Technology was the only sector in the S&P 500 to generate positive returns in February. It seems some investors remain positive on the S&P 500's largest sector weight and exchange traded funds, such as the Technology Select Sector SPDR Fund (XLK) .

After surging 37% last year, technology remains a favorite among investors, despite data suggesting technology stocks are relatively expensive as they trade at elevated price-to-earnings compared to the broader S&P 500. Roughly a third of global fund managers say they are overweight tech in their portfolios, according to a recent Bank of America Merrill Lynch survey.

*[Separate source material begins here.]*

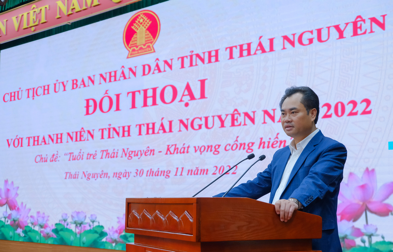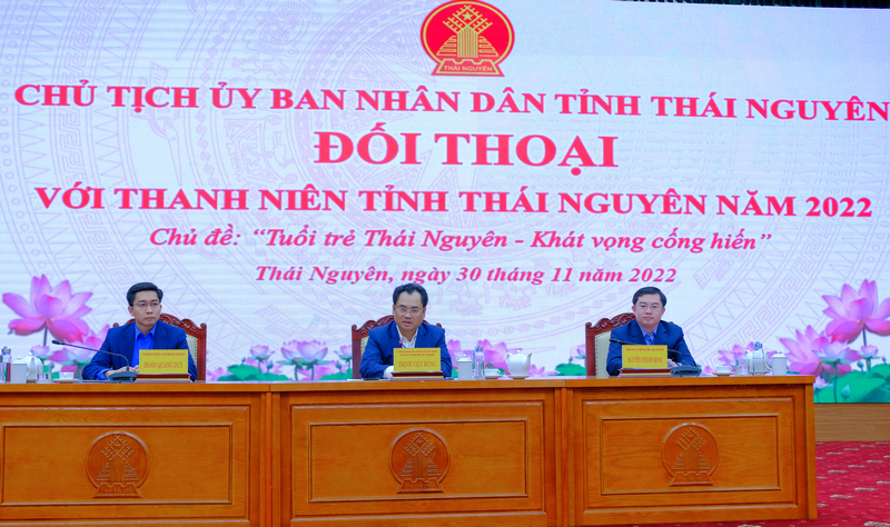Với chủ đề “Tuổi trẻ Thái Nguyên - Khát vọng cống hiến”, cuộc đối thoại giữa đồng chí Chủ tịch UBND tỉnh với thanh niên diễn ra trong không khí dân chủ, sôi nổi và cởi mở. Các đoàn viên thanh niên bày tỏ tâm tư, nguyện vọng và nêu nhiều ý, kiến nghị đồng chí Chủ tịch UBND tỉnh, liên quan đến chủ trương, chính sách phát triển nguồn nhân lực chất lượng cao; cơ hội nghề nghiệp, việc làm trong các khu công nghiệp của tỉnh đối với sinh viên sau khi tốt nghiệp; định hướng chiến lược để tạo việc làm bền vững cho thanh niên; giải pháp tháo gỡ khó khăn về vốn, đặc biệt là thanh niên nông thôn khởi nghiệp; giải pháp nâng cao chất lượng đào tạo, bồi dưỡng chuyên môn, kỹ năng cho thanh niên trong chuyển đổi số; chính sách thu hút nguồn nhân lực chất lượng cao từ đoàn viên, thanh niên là sinh viên ngành Y mới tốt nghiệp vào làm việc tại các cơ sở y tế trên địa bàn tỉnh; vấn nạn bạo lực học đường…

“Known by its ticker XLK, the fund has been a go-to bet for buyers looking for cheap and broad tech exposure, charging a low expense ratio of 13 basis points. The fund saw almost $616 million in inflows on Thursday, the most since December 2011, according to data compiled by Bloomberg,” reports Bloomberg.

XLK includes companies from technology hardware, storage, and peripherals; software; diversified telecommunication services; communications equipment; semiconductors and semiconductor equipment; internet software and services; IT services; electronic equipment, instruments and components; and wireless telecommunication services.

“The bullish behavior comes after XLK investors pulled the plug on $1.2 billion worth of bets in February, the largest month of outflows for the fund since October 2014, the data show. Tech, media and telecom stocks have recovered since the broad market selloff on Feb. 5, aided by strong fourth-quarter earnings,” according to Bloomberg.

The PowerShares QQQ (QQQ) , which tracks the tech-heavy Nasdaq-100 Index, has added about $200 million in new assets over the past week.